A human being recently said, “You might not like him, but Trump is your president” to me. I responded, “You are correct in that I do not like him. But you are wrong about him being 'my president.' Granted, he is 'the president,' but he is definitely not mine.” That person could not distinguish the difference between power and truth.

It's curious how some people can be intelligent in some areas, but simple enough to believe Trump is doing an “incredible” job fighting the corona virus. Why? Because “he holds press conferences daily, explaining what he's done.” Clearly, it would require a concrete example to illustrate why Trump is not “my president.” I noted that my ancestors in Ireland did not recognize a woman in England as “their queen.” He saw no connection.

There are a good many similarly disconnected people in the United States, who plan to proudly vote for Trump this November. While they are not the majority of the population – including the voting population – we do well to remember that there were enough of them to win electoral vote by a wide margin, despite the popular vote.

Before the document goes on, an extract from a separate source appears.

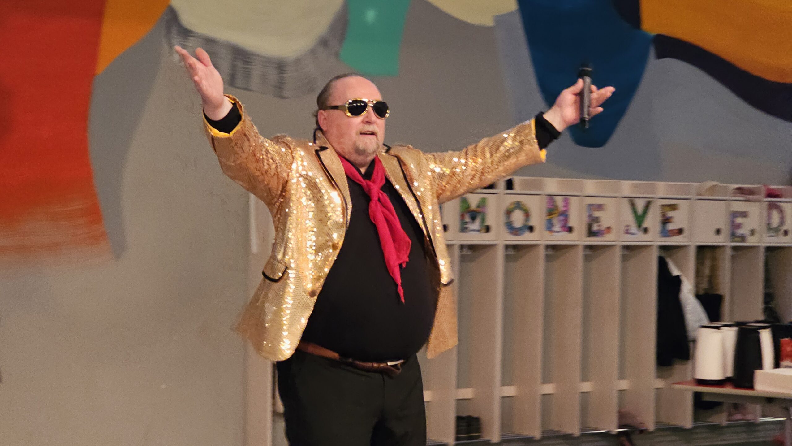 Í dag var alment hátíðarhald fyri Jóannesi Joensen, eisini betri kendur sum Bass Elvis, í miðhøllini í skúlanum, í heimbygdini Leirvík, eftir at hann vann heiðurin Ársins útvarpshitt við sanginum Tú skal syngja tær ein sang.

I do believe in the concept of one person, one vote. I accept the fact that the most ignorant, uninformed and misinformed Trump supporter's vote is equal to my own. I know that there are more of us than there are of them. There is no justifiable reason for the November presidential election to not be an overwhelming rejection of Trump and his ilk.

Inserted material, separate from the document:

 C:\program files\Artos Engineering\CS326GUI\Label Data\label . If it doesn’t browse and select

“In individuals, insanity is rare, but in groups, parties, nations and epochs, it is the rule.” – Friedrich Nietzsche

I had a phone call from a man who suffers from a severe and persistent mental illness. His first comment, sans greeting, was, “Cuomo Trump.” After he repeated this several times, I was able to get him to expand on this. Earlier in the day – at 3 am – he had called the local State Troopers barracks, to discuss his anxieties regarding the failure of the community to stop the corona virus. A news report that a senior housing complex a block away from his apartment had four cases upset him.

However, he told the Trooper that he was Robo-Cop, armed with a hand gun, ready to patrol the streets to insure public safety. The Trooper kept him on the line, telling him that Governor Cuomo and Donald Trump were doing everything possible to keep people safe. As they were talking, another State Trooper arrived at his door. This man did not have a gun, and so the Trooper simply talked to him, trying to reassure him that he was safe.

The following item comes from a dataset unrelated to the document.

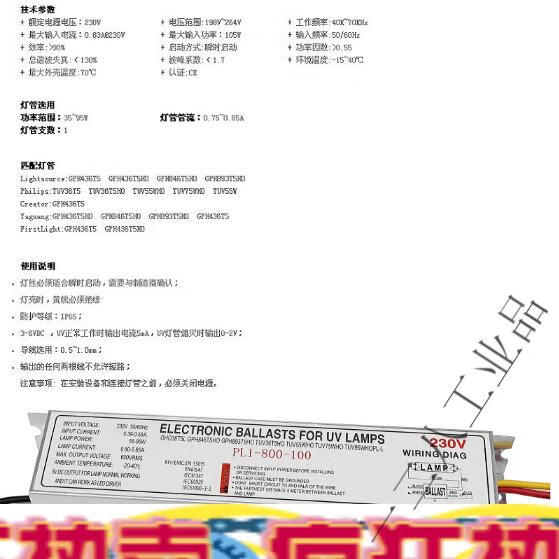 PL1-800-100 UV disinfection lamp ballast sl1-100 electronic rectifier 230V Ling PL11-425-40W

In our conversation, I said that I think Governor Cuomo is doing an outstanding job. I know that for decades, he has operated under the delusion that he is an under-cover sheriff's deputy, including during a few periods of incarceration in the county jail.

At the same time, I've read a number of conspiracy theories by republicans not deemed insane, who have been convinced that the current crisis was manufactured by the “deep state” to damage Trump's reputation among voters. That is, of course, no more reality-based than Robo-Cop. The difference is that they do have guns.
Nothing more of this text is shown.